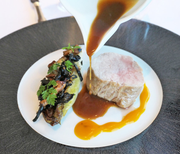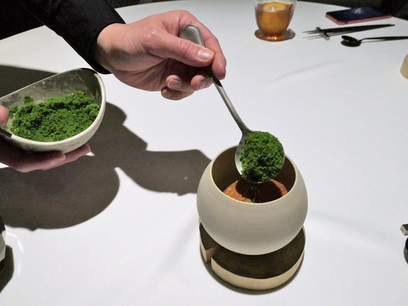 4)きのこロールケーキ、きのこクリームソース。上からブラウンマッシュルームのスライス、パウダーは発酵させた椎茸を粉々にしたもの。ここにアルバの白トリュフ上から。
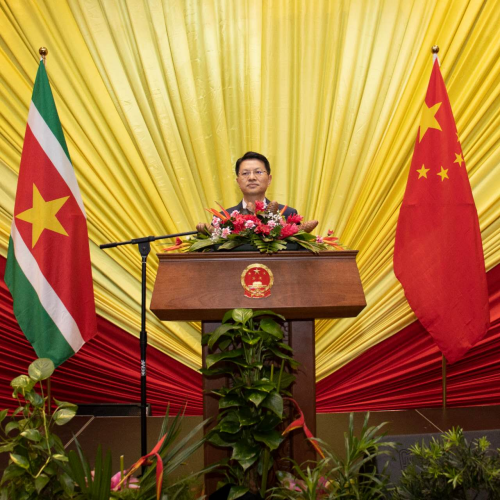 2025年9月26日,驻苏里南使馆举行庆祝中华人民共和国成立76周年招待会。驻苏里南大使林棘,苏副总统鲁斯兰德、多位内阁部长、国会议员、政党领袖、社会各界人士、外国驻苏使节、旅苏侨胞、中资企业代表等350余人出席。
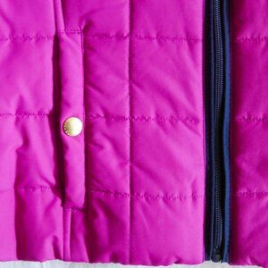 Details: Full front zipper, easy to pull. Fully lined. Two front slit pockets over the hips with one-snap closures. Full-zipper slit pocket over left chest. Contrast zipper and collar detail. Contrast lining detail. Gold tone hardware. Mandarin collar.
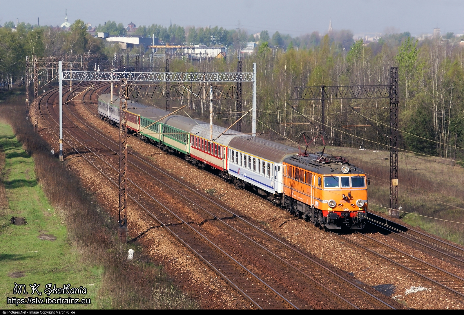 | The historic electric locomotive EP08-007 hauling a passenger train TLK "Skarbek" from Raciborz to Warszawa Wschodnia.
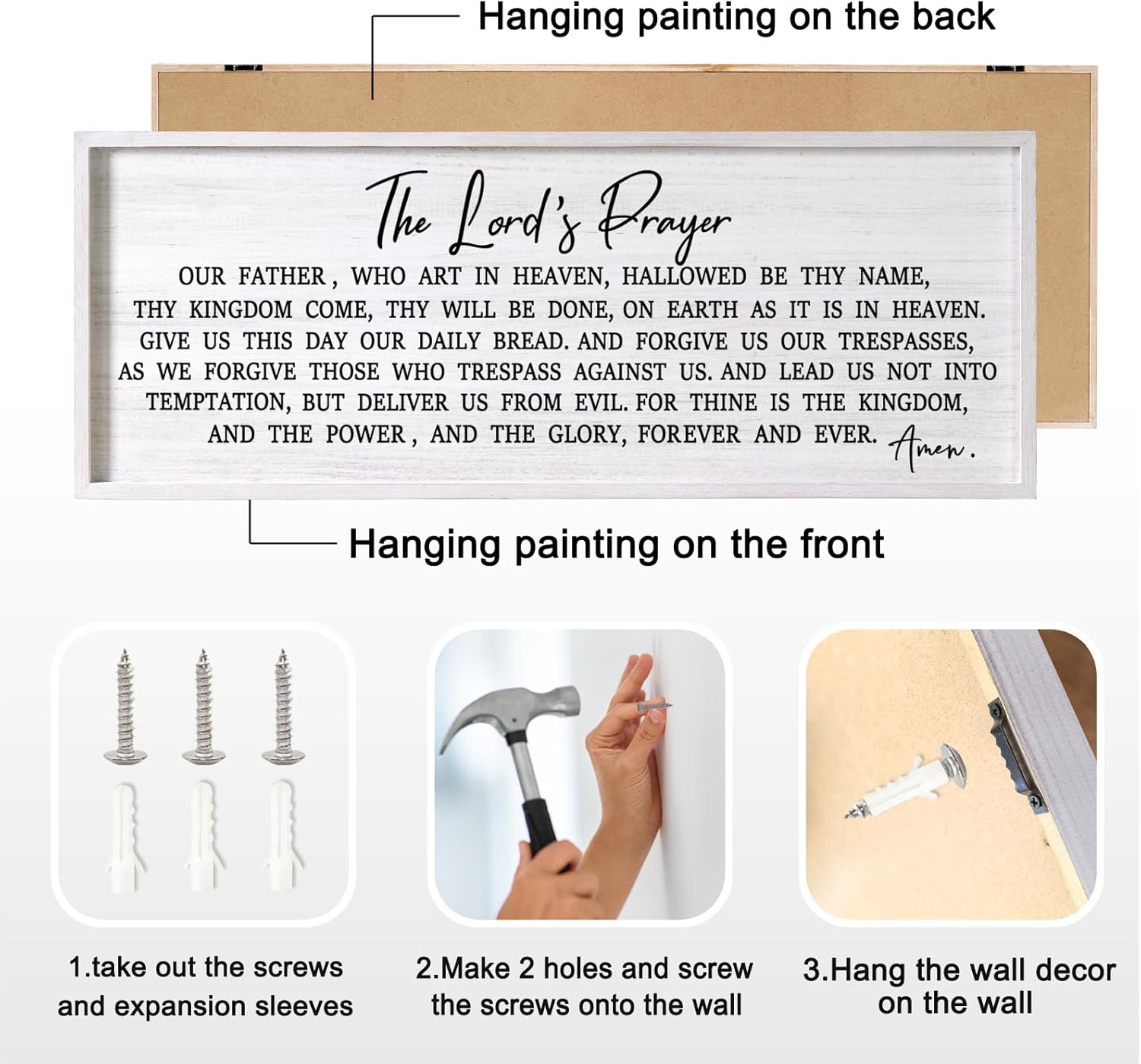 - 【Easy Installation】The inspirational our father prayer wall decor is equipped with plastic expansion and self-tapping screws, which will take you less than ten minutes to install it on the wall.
══════════
[Exercise goal]: In the listing above, transcribe exactly the lines from the line containing "to Warszawa Wschodnia." through the last one, both included, but not the pictures.

[Finished task]:
 | The historic electric locomotive EP08-007 hauling a passenger train TLK "Skarbek" from Raciborz to Warszawa Wschodnia.
 - 【Easy Installation】The inspirational our father prayer wall decor is equipped with plastic expansion and self-tapping screws, which will take you less than ten minutes to install it on the wall.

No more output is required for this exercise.